Polar codes discovered by Arikan form a very powerful family of codes attaining many information theoretic limits in the fields of error correction and source coding. They have in particular much better decoding capabilities than Goppa codes which places them as a serious alternative in the design of both a public-key encryption scheme à la McEliece and a very efficient signature scheme. Shrestha and Kim proposed in 2014 to use them in order to come up with a new code-based public key cryptosystem. We present a key-recovery attack that makes it possible to recover a description of the permuted polar code providing all the information required for decrypting any message.

Appendices

Proofs of the Results of Section 3

1.1 Proof of Proposition 2

In order to prove this result, we first prove a few lemmas about the partial order we introduced.

Lemma 2

For all f and g in \(\mathcal {M}\), \(f \preceq g\) if and only if \(\check{f} \succeq \check{g}\).

Proof

Let \(f=x_{i_1}\dots x_{i_s}\) and \(g=x_{j_1}\dots x_{j_t}\) with \(s\leqslant t\) and \(i_1 < \dots < i_s\), \(j_1<\dots <j_t\). Then we have two cases:

• if \(\deg f=\deg g\) then by definition of the order we have \(i_\ell \leqslant j_\ell \) for all \(j=1,\dots ,s\). Consider the \(\ell \)-th variable \(x_{i'_\ell }\) in the monomial \(\check{f}\) and the \(\ell \)-th variable \(x_{j'_\ell }\) in the monomial \(\check{g}\). Let us define

  $$\begin{aligned} \varphi (u)&\mathop {=}\limits ^{\text {def}}&\ell -1 + \#\{i_a:i_a \leqslant u\}\\ \gamma (u)&\mathop {=}\limits ^{\text {def}}&\ell -1 + \#\{j_a:j_a \leqslant u\} \end{aligned}$$

  Observe now that (i) since \(\varphi (u+1)\) is either equal to \(\varphi (u)\) or to \(\varphi (u)+1\) and since \(\varphi (0) \geqslant 0\), \(\varphi (m-1) \leqslant m-1\), there exists at least one u such that \(\varphi (u)=u\), (ii) when \(\varphi (u)=u\) this means that there exist exactly \(\ell \) variables \(x_b\) for b in \(\{0,1,\dots ,u\}\) that belong to the monomial \(\check{f}\). All this implies that \(i'_\ell \) is the smallest index u such that \(\varphi (u)=u\) (or what amounts to the same it is the smallest index u such that \(\varphi (u) \leqslant u\)). A similar property holds for \(j'_\ell \). In other words

  $$\begin{aligned} i'_\ell= & {} \min \{u: \varphi (u) \leqslant u\} \end{aligned}$$

  (2)
  $$\begin{aligned} j'_\ell= & {} \min \{u: \gamma (u) \leqslant u\} \end{aligned}$$

  (3)

  From the fact that \(j_a \geqslant i_a\) for all a in \(\{1,\dots ,s\}\) we have that for all indices u

  $$\begin{aligned} \varphi (u) \geqslant \gamma (u) \end{aligned}$$

  (4)

  On the other hand, we know that \(i'_\ell =\varphi (i'_\ell )\), where the righthand term is larger than or equal to \(\gamma (i'_\ell )\) by using (4). Therefore \(\gamma (i'_\ell ) \leqslant i'_\ell \), and by using (3) we deduce that \(j'_\ell \leqslant i'_\ell \).

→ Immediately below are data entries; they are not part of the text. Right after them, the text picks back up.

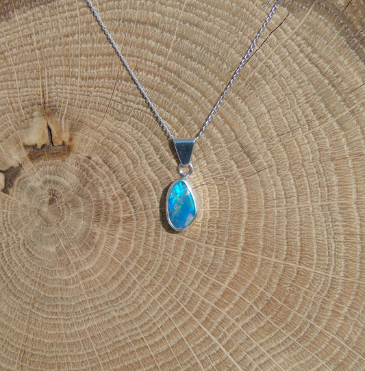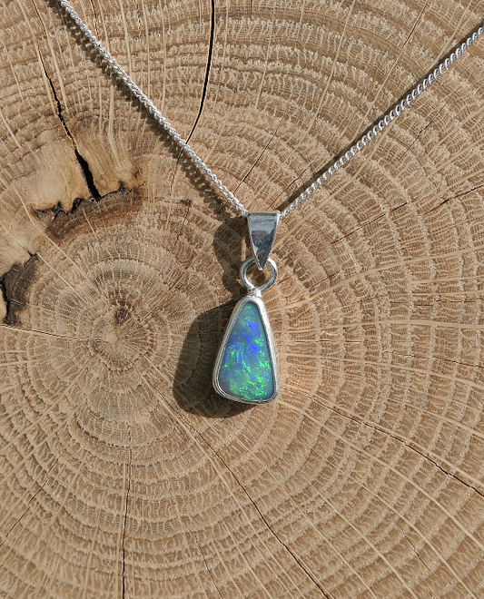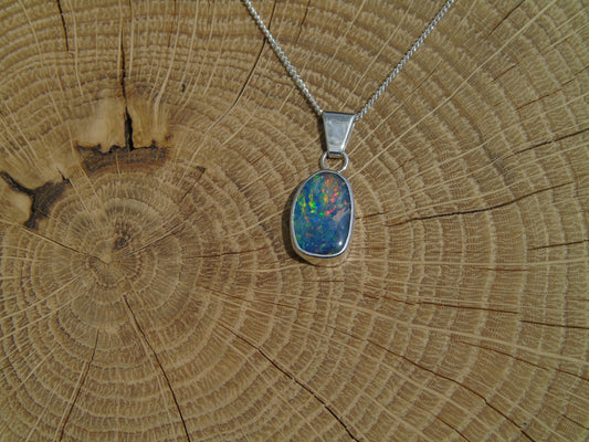 Lightning Ridge doublet silver pendant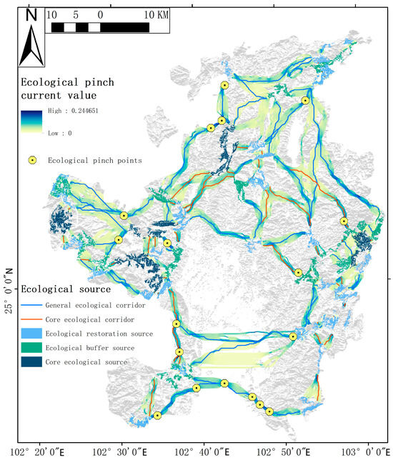 The pinch points with high current density in the ecological corridors represent pivotal nodes for maintaining landscape connectivity. These areas are also characterized as fragile regions within the ecological network, exhibiting heightened susceptibility to ecological degradation. Consequently, their protection assumes paramount importance in ensuring the functional integrity of the corridors. This study developed an ecological network degradation model under the condition of no pinch-point protection using the scenario simulation method. It quantitatively assessed the ecological benefits of pinch-point protection in enhancing the quality of corridors and strengthening weak links. Based on the ArcGIS platform, the Linkage Mapper module was utilized to analyze the raster layer of pinch points spatially, and the natural breakpoint method was employed to identify the top 20% of pinch points with the highest current density values as priority protection areas [56].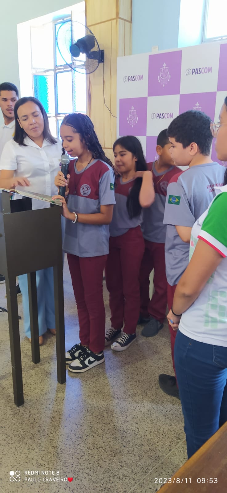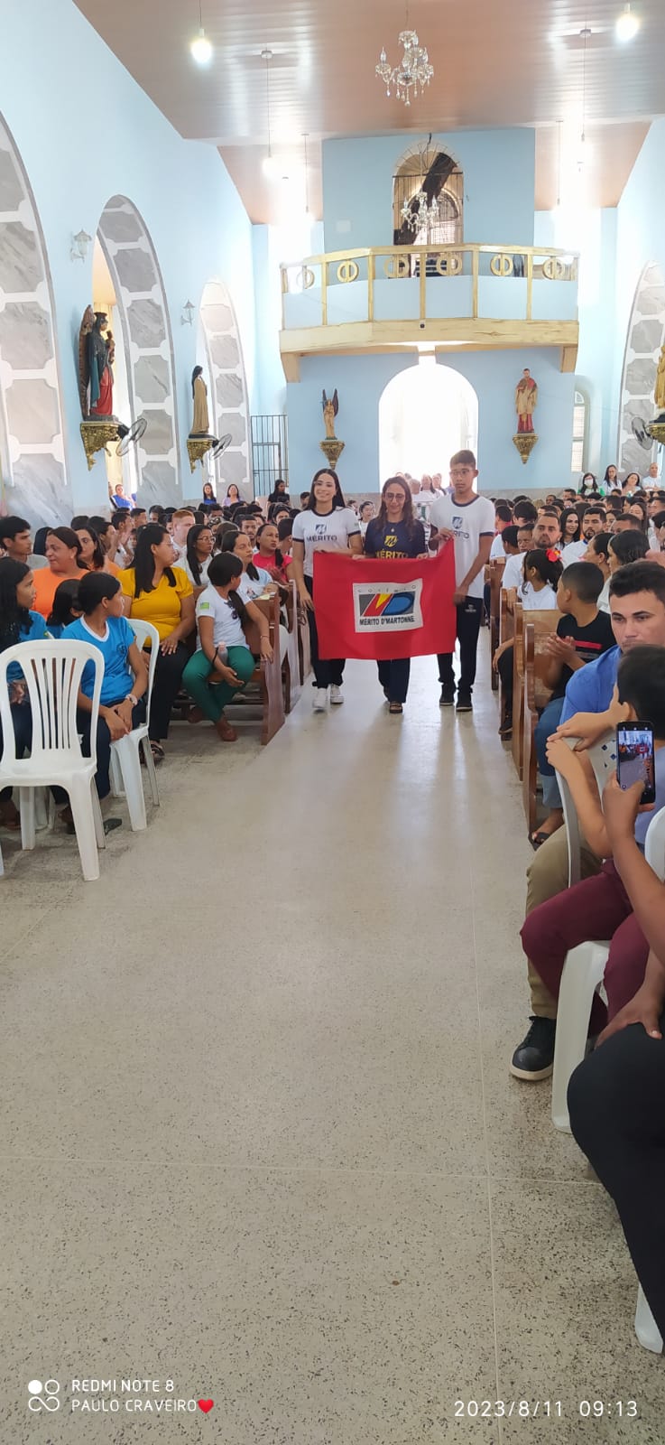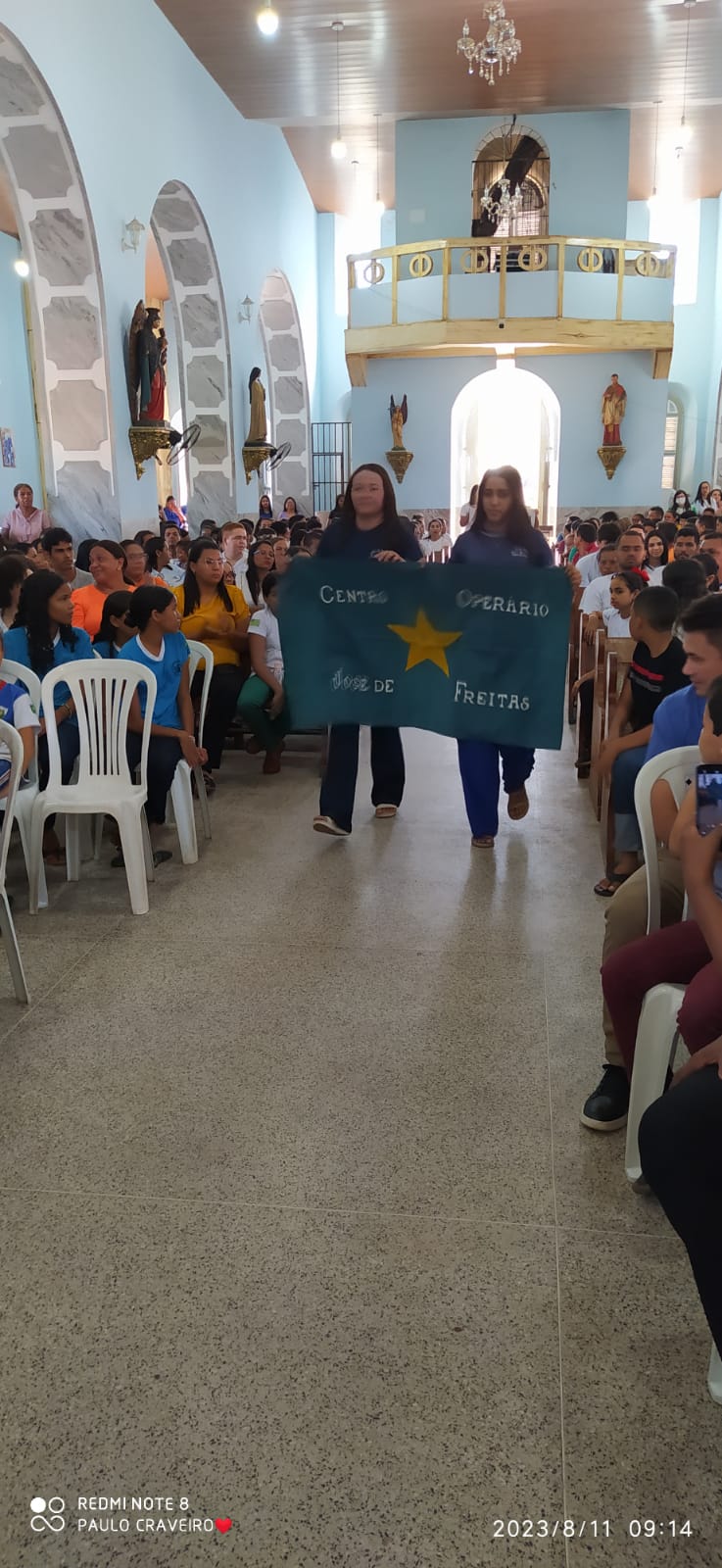 No inicio da missa teve a entrada das representatividades das entidades educacionais do município, tendo à frente os representantes da Secretaria de Educação seguidos por demais entidades de ensino do município. Por fim a equipe celebrativa.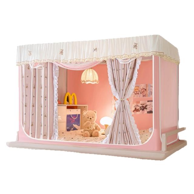 全遮光蚊帳學生宿舍蚊帳三開門蚊帳水溶花邊上下鋪卡通少女風床簾 80a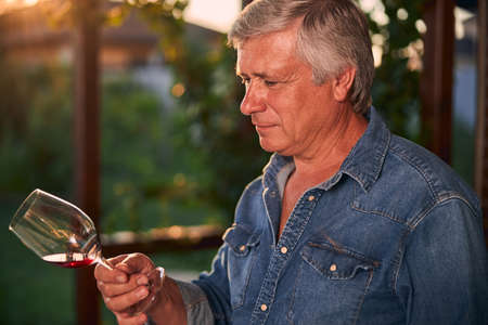 Calm attentive Caucasian man in a denim shirt standing outdoors with a glass of red wine and tilting it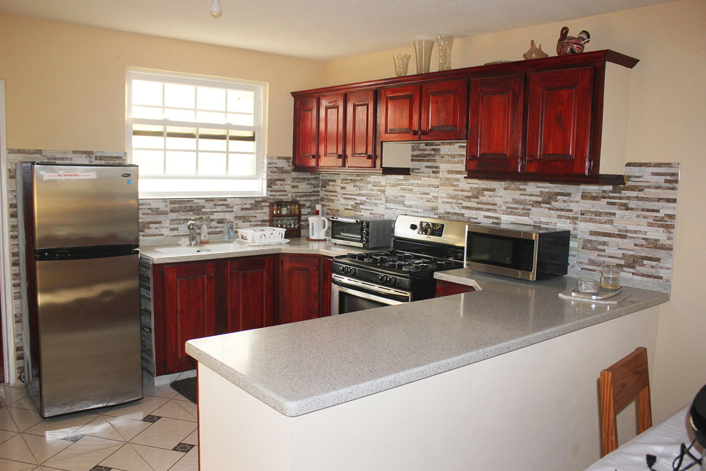 Fully equipped with a contemporary bathroom and kitchen. Two bedrooms, each featuring a queen bed, accommodating up to four guests.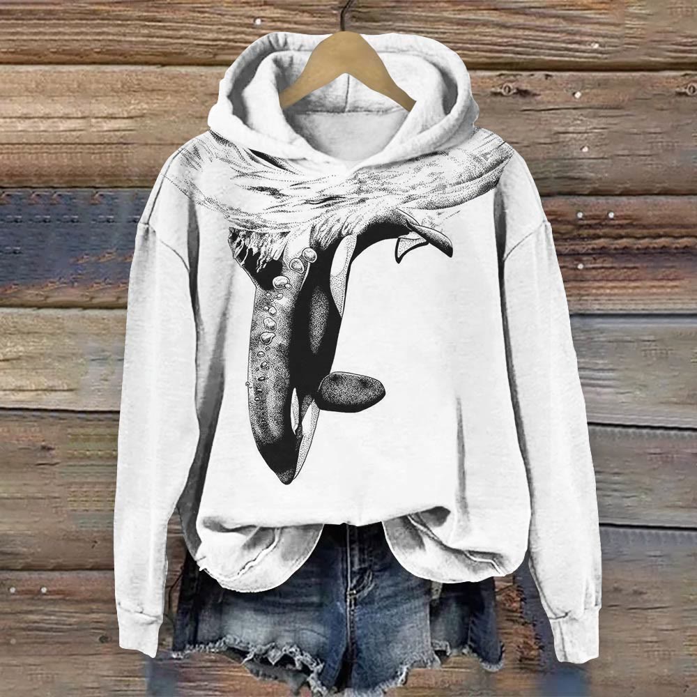 Leaping Killer Whale Print Long Sleeve Hoodie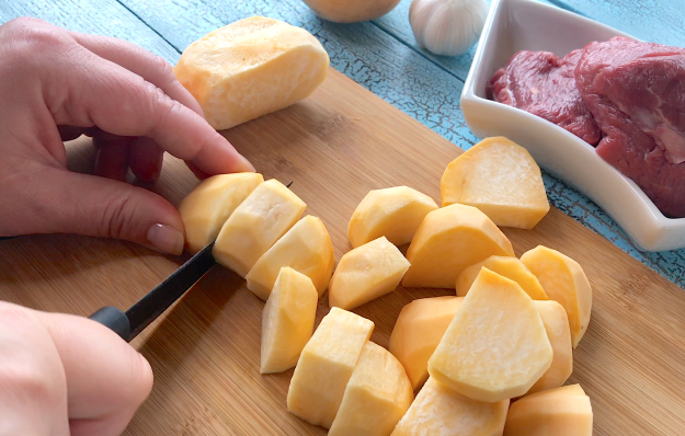 Для начала подготовила все нужные продукты для приготовления репы с мясом в горшочке в духовке.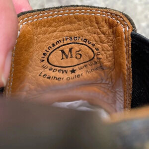 Size is labelled M5, but they came from a woman and Fluevog does not sell men’s size 5, so I believe they are women’s 5. The bottom measures 8.5” long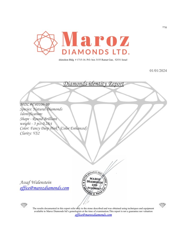 3 DIAMANTI COLORE ESALTATO 0,28 CARATI COLORE FANCY ROSA INTENSO - PUREZZA VS2 - TAGLIO BRILLANTE - CERTIFICATO GEMMOLOGICO MAROZ DIAMONDS LTD MEMBRO ISRAEL DIAMOND EXCHANGE - C40106-10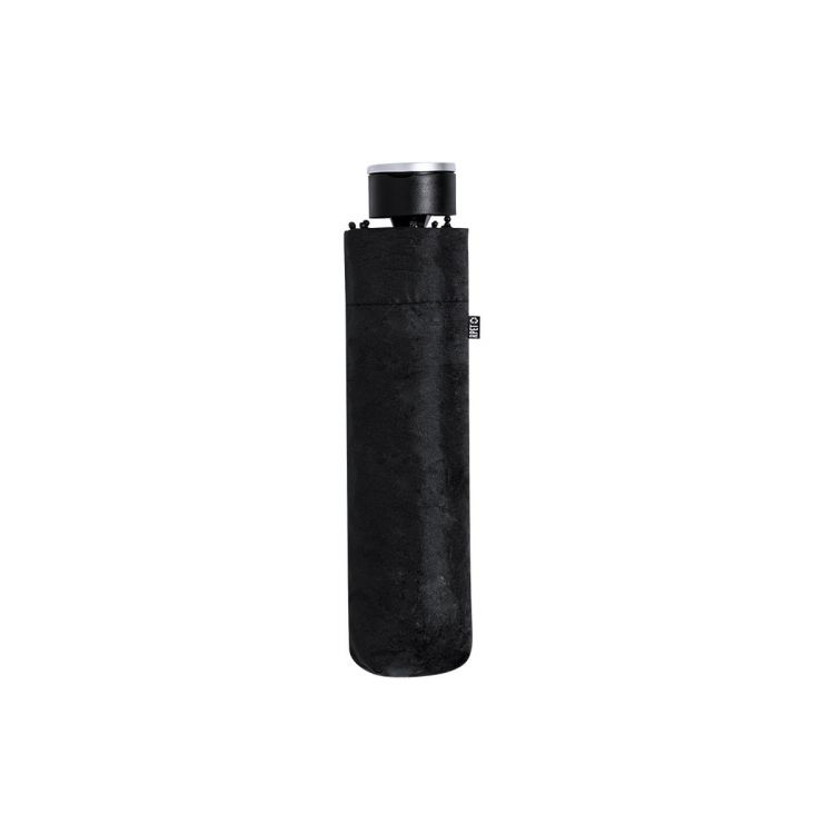 Parapluie pliant de 98 cm de diamètre. En matière pongé RPET 190T. Ouverture manuelle, avec système anti-vent et tiges en fibre de verre. Avec poignée ergonomique avec poignée de transport pratique en métal, étui de transport assorti et fermeture velcro assortie. Avec étiquette distinctive RPET. Présenté dans un sac recyclé individuel.Le matériau RPET est fabriqué à partir de plastique recyclé, afin de favoriser la réutilisation des déchets plastiques et d'aider à la durabilité de la planète. (couleur noir)

• if \(\deg f<\deg g\) then by definition of the order: \(f \preceq g \Leftrightarrow \exists \; g_1\in \mathcal {M}\) s.t. \(g=g_1g_2\) with \(\deg g_1=\deg f\) and \(f \preceq g_1\). From the first case we deduce that \(\check{f} \succeq \check{g_1}\). On the other hand one checks immediately that \(\check{g_1} \succeq \check{g}\). From these two inequalities we deduce \(\check{f} \succeq \check{g}\).

Corollary 2

Let \(I \subseteq \mathcal {M}\) be a decreasing set then \(\mathcal {M}\setminus \check{I}\) is a decreasing set.

Proof

Let h be a monomial that belongs to \(\mathcal {M}\setminus \check{I}\), and let g be a monomial such that \(g \preceq h\). If \(g \notin \mathcal {M}\setminus \check{I}\) then it would mean that there exists \(f \in I\) such that \(g = \check{f}\). This means that \(\check{f} \preceq h\) and by using Lemma 2 we would get \(\check{h} \preceq \check{\check{f}}=f\). Since I is a decreasing set, \(\check{h} \in I\), that is to say, \(\check{{\check{h}}} = h \in \check{I}\) which contradicts the assumption. Therefore \(\mathcal {M}\setminus \check{I}\) is a decreasing set.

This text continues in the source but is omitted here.